## Task item
From the data that follows, set down exactly the lines from the one with "The stylish bucket" through the one with "Viktig: Hvis vinduet", counting both. Pictures stay out.

## Entries provided
::::::::
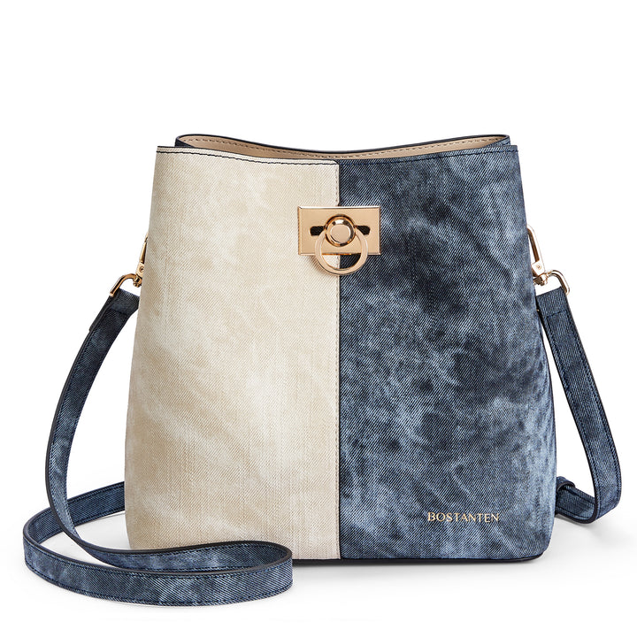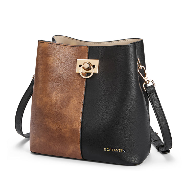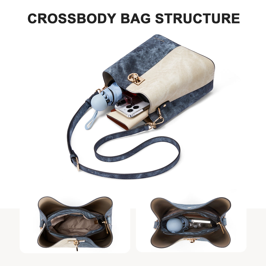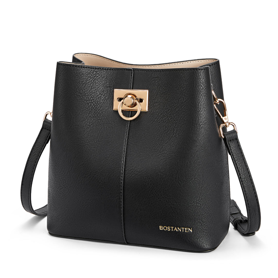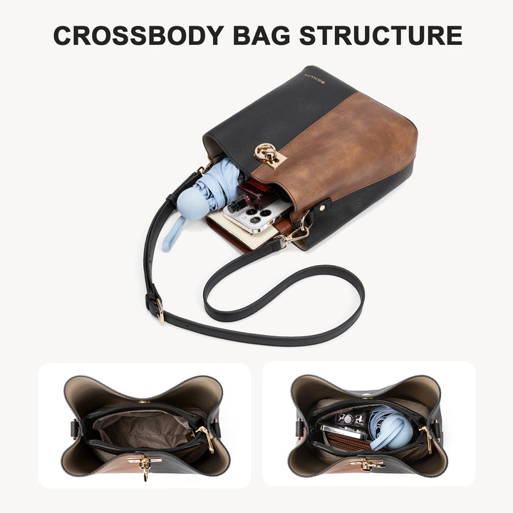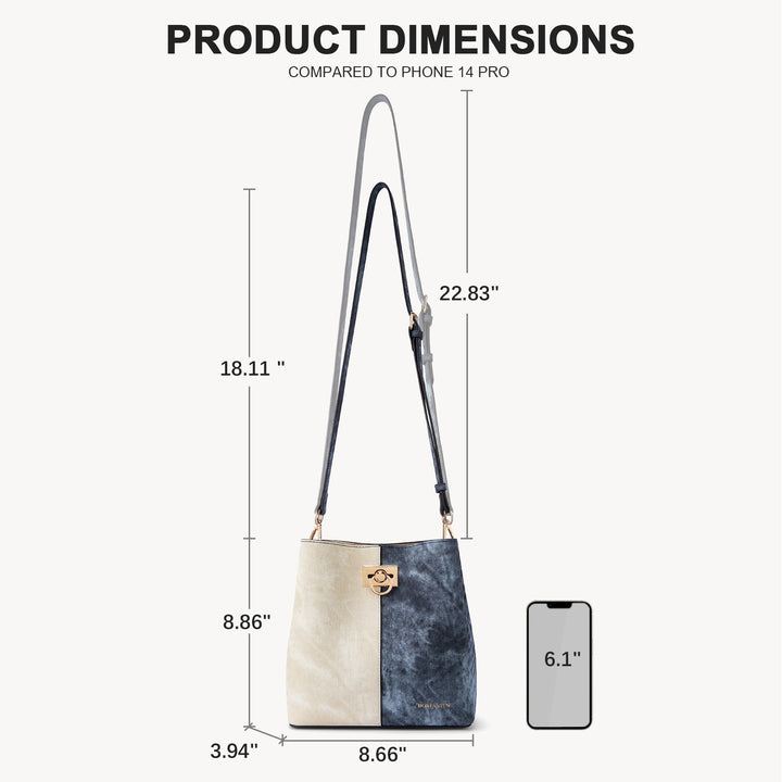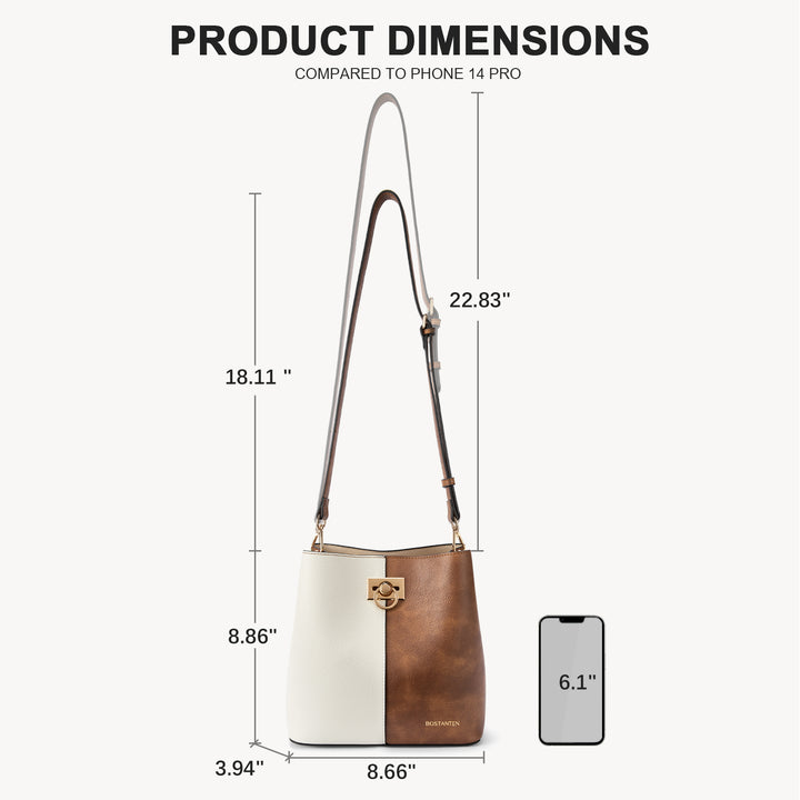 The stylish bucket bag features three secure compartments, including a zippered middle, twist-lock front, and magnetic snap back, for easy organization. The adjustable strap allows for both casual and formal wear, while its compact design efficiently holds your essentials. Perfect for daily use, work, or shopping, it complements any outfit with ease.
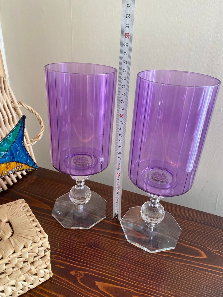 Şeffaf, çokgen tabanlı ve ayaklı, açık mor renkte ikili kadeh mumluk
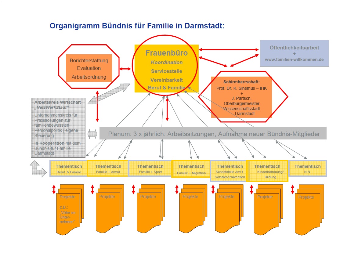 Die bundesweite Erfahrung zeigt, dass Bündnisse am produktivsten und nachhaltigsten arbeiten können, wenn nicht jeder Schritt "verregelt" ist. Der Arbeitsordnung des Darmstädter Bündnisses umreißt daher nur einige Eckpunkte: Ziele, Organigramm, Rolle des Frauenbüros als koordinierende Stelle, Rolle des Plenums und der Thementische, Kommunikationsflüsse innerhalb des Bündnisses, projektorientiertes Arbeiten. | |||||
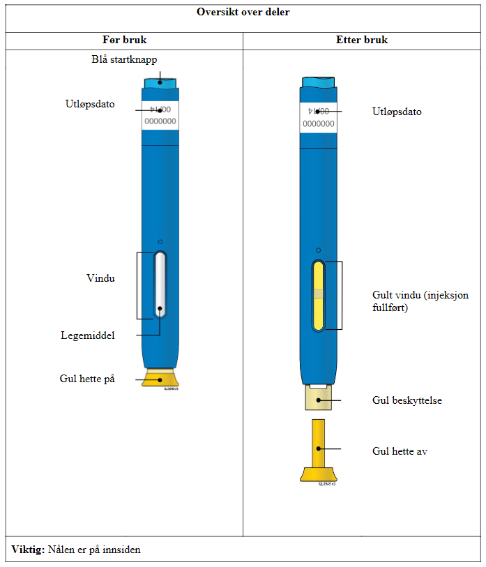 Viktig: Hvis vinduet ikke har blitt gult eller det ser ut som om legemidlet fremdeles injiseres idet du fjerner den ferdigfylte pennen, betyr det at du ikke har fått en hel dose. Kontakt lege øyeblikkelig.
::::::::
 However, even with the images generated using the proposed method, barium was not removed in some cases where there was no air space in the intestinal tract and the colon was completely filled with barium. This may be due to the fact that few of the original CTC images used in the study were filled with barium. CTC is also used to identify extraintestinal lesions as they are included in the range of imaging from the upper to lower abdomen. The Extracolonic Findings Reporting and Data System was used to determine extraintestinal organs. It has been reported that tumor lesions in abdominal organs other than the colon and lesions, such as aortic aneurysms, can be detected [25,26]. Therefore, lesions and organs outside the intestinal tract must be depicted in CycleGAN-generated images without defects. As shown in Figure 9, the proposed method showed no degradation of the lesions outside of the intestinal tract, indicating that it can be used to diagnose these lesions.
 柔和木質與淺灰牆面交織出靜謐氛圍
::::::::
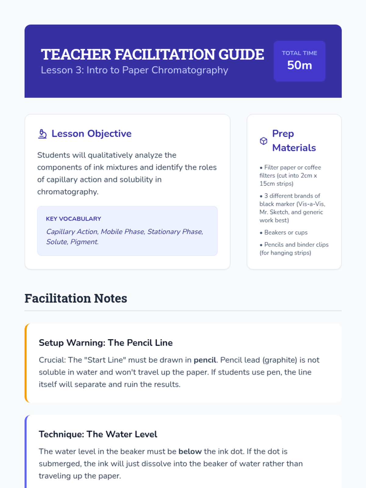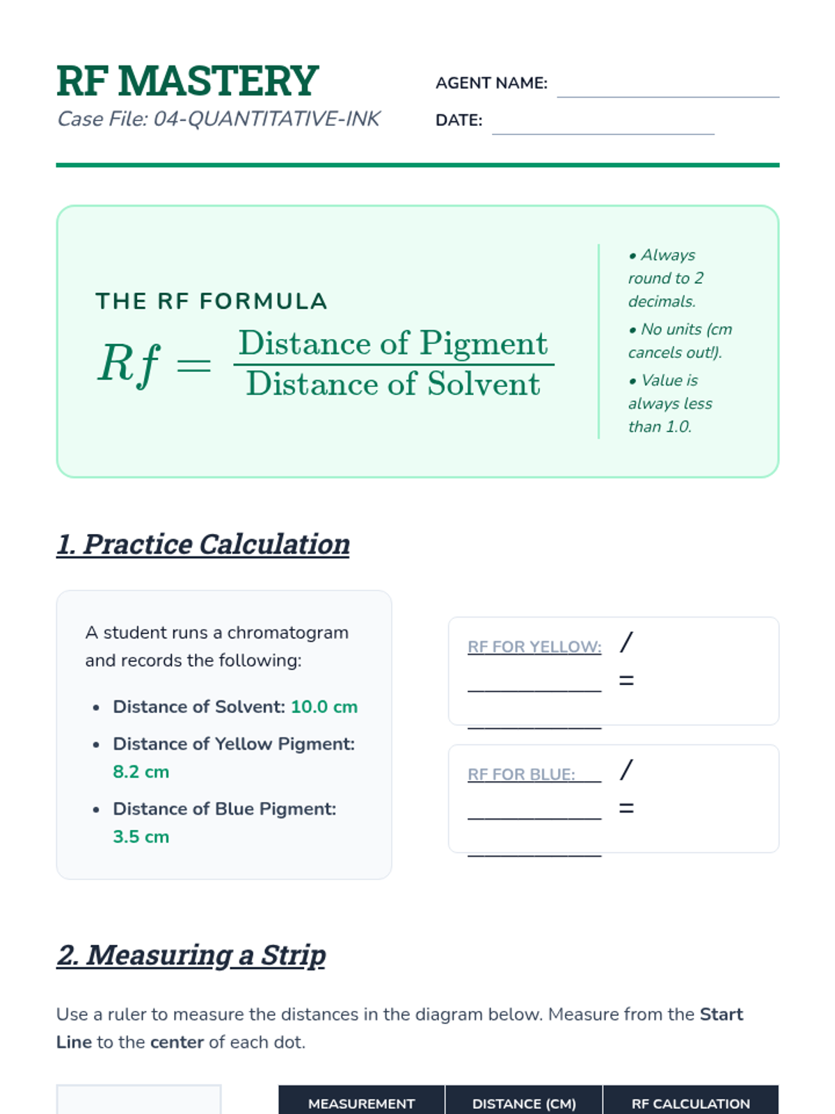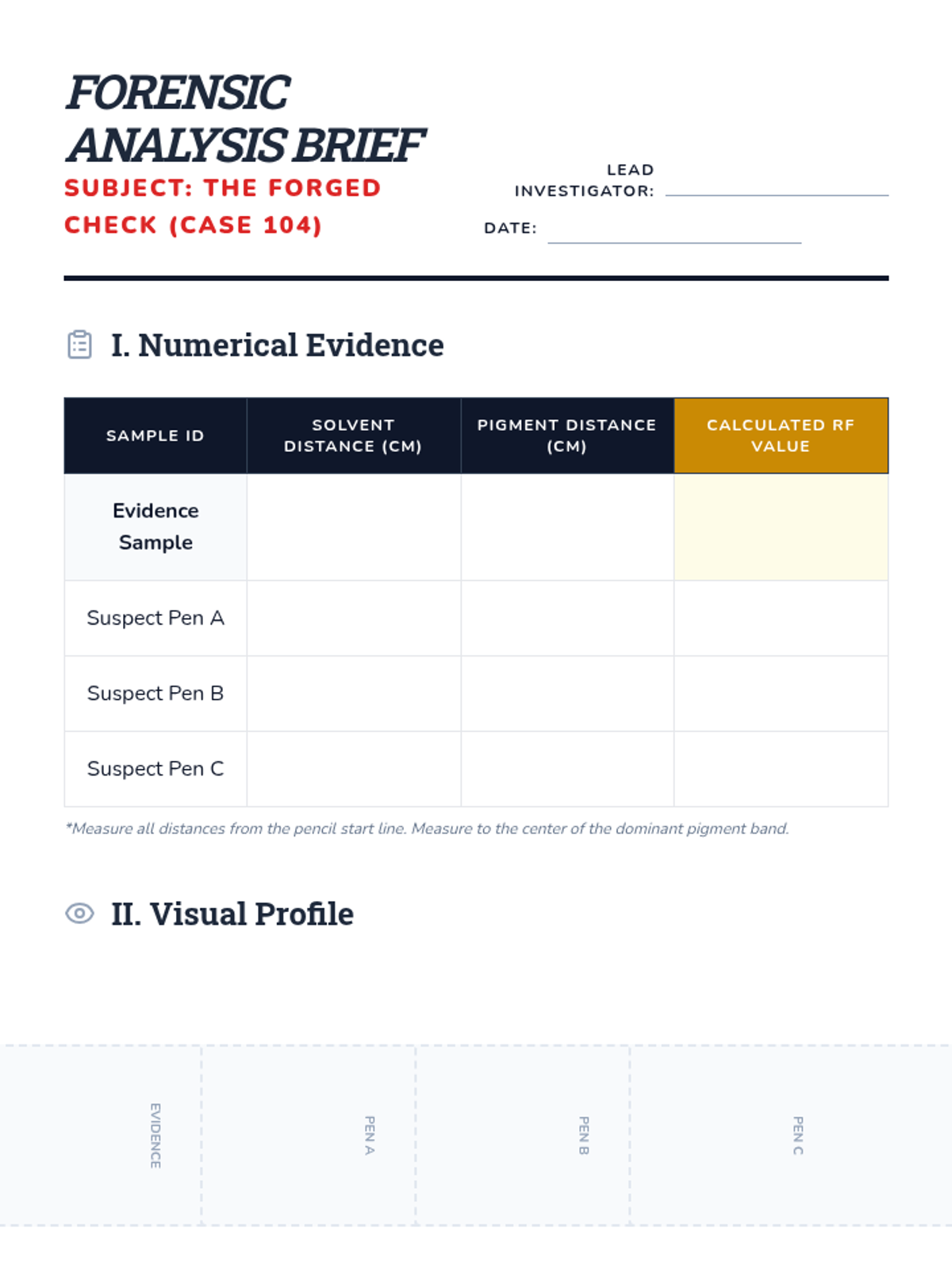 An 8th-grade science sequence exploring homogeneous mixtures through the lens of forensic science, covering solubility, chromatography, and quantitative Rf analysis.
::::::::
## Completed task
 The stylish bucket bag features three secure compartments, including a zippered middle, twist-lock front, and magnetic snap back, for easy organization. The adjustable strap allows for both casual and formal wear, while its compact design efficiently holds your essentials. Perfect for daily use, work, or shopping, it complements any outfit with ease.
 Şeffaf, çokgen tabanlı ve ayaklı, açık mor renkte ikili kadeh mumluk
 Die bundesweite Erfahrung zeigt, dass Bündnisse am produktivsten und nachhaltigsten arbeiten können, wenn nicht jeder Schritt "verregelt" ist. Der Arbeitsordnung des Darmstädter Bündnisses umreißt daher nur einige Eckpunkte: Ziele, Organigramm, Rolle des Frauenbüros als koordinierende Stelle, Rolle des Plenums und der Thementische, Kommunikationsflüsse innerhalb des Bündnisses, projektorientiertes Arbeiten. | |||||
 Viktig: Hvis vinduet ikke har blitt gult eller det ser ut som om legemidlet fremdeles injiseres idet du fjerner den ferdigfylte pennen, betyr det at du ikke har fått en hel dose. Kontakt lege øyeblikkelig.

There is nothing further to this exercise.